Picasso e la Politica: Guernica, il Comunismo e la Pace
La traiettoria artistica e politica di Picasso si intreccia indissolubilmente con gli eventi storici del XX secolo. Nella primavera del 1937, durante la guerra civile spagnola, Picasso dà vita a "Guernica", un'opera dal linguaggio cubista di straordinaria espressività, che denuncia il barbaro bombardamento nazi-fascista sulla città basca.

Tuttavia, è poco conosciuto il fatto che, in quel preciso momento, l'autore di "Guernica" era considerato un "nemico della patria" dalla Spagna franchista, un "artista degenerato" dalla Germania hitleriana e uno "straniero pericoloso" dalla Francia, che si avviava verso l'occupazione tedesca. Questa sovrapposizione di etichette negative evidenzia la complessità e la precarietà della sua posizione.
Annie Cohen-Solal sottolinea come "l’esperienza dell’emarginazione subita da Picasso è simile a quella di tutti coloro che, oggi, si scontrano al sistematico rifiuto dell’altro. Picasso, capace com’è di sopportare le avversità e lavorare con inalterata fermezza, non è forse un nostro contemporaneo?". L'artista non è solo un creatore prolifico, ma anche un "talento politico fuori del comune, capace di trasformarsi in protagonista della modernizzazione della Francia".
Dopo la liberazione di Parigi, negli ultimi anni della Seconda Guerra Mondiale, Picasso si avvicina al Partito Comunista francese, annunciando la sua iscrizione il 24 ottobre 1944. Il suo impegno si estende al movimento pacifista, di cui diventa un sostenitore convinto. A lui si deve la diffusione della colomba come simbolo internazionale della pace, un'icona già presente in "Guernica" e che ritroverà il suo significato nel nome della figlia Paloma, nata nel 1949.
Un'opera significativa in senso politico è un disegno del 1942, preparatorio per la scultura "L'uomo con la pecora". La versione in bronzo, donata al comune di Vallauris nel febbraio 1950, anno in cui gli verrà conferita la cittadinanza onoraria, raffigura un uomo umile e fragile che porta sulle spalle una pecorella smarrita, un'immagine di sacrificio e di cura.

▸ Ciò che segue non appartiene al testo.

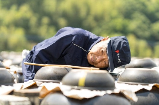 醸造技師たちは毎日、1壺1壺黒酢の顔色を五感で確認し、自分の子どもを育てるように、愛情をもって成長を促す手助けをしています。
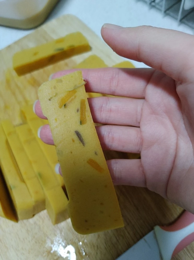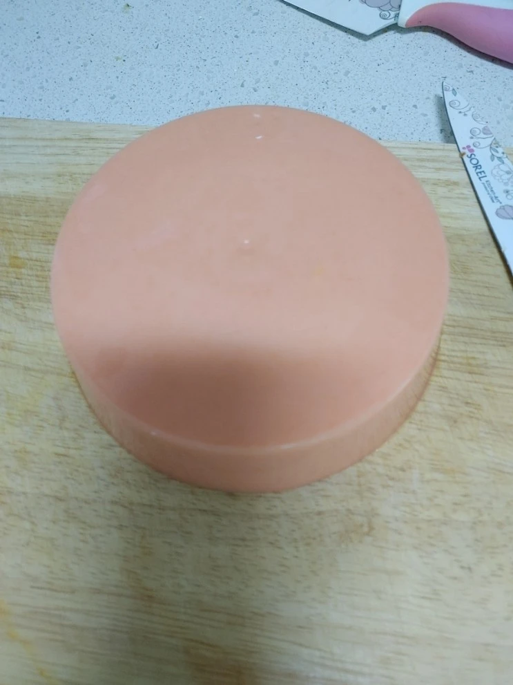 냉동실에서 2-3시간 후 꺼내보면 아래 사진처럼 탱탱한 푸딩으로 변해있다. 마치 대왕 분홍 소시지 같지만 저건 당근 우유 껌이 될 녀석이다.

L'Addio a Parigi e la Scelta del Mediterraneo
Nel 1955, ormai artista universalmente riconosciuto, Picasso decide di lasciare la capitale per trasferirsi in Provenza. La sua scelta ricade sul Sud, sul Mediterraneo, sugli artigiani, piuttosto che sul Nord, sull'Académie des beaux-arts. Si stabilisce a Vallauris, un piccolo borgo di ceramisti, dove impara le "undici maniere tradizionali" per lavorare l'argilla.

La ceramica diventa per Picasso un mezzo espressivo prediletto. Egli si era sempre lamentato dell'instabilità della pittura ad olio, soggetta a fenomeni di ossidazione nel tempo. Nei colori vivaci e duraturi della ceramica, una volta cotti, vede la promessa di eternità che aspira per la sua arte, un desiderio di permanenza che riflette la sua incessante ricerca di un'identità solida e duratura, nonostante le continue trasformazioni e le sfide di una vita da "straniero".
Informazioni Pratiche sulla Mostra
La mostra "Picasso lo straniero" a Palazzo Cipolla offre orari di visita flessibili per permettere a un vasto pubblico di apprezzarne il contenuto. Gli orari sono i seguenti: lunedì dalle 15:00 alle 20:00; da martedì a domenica dalle 10:00 alle 20:00. Per coloro che desiderano prolungare la visita, il giovedì la mostra chiude alle 22:30, con ultimo ingresso consentito un'ora prima della chiusura.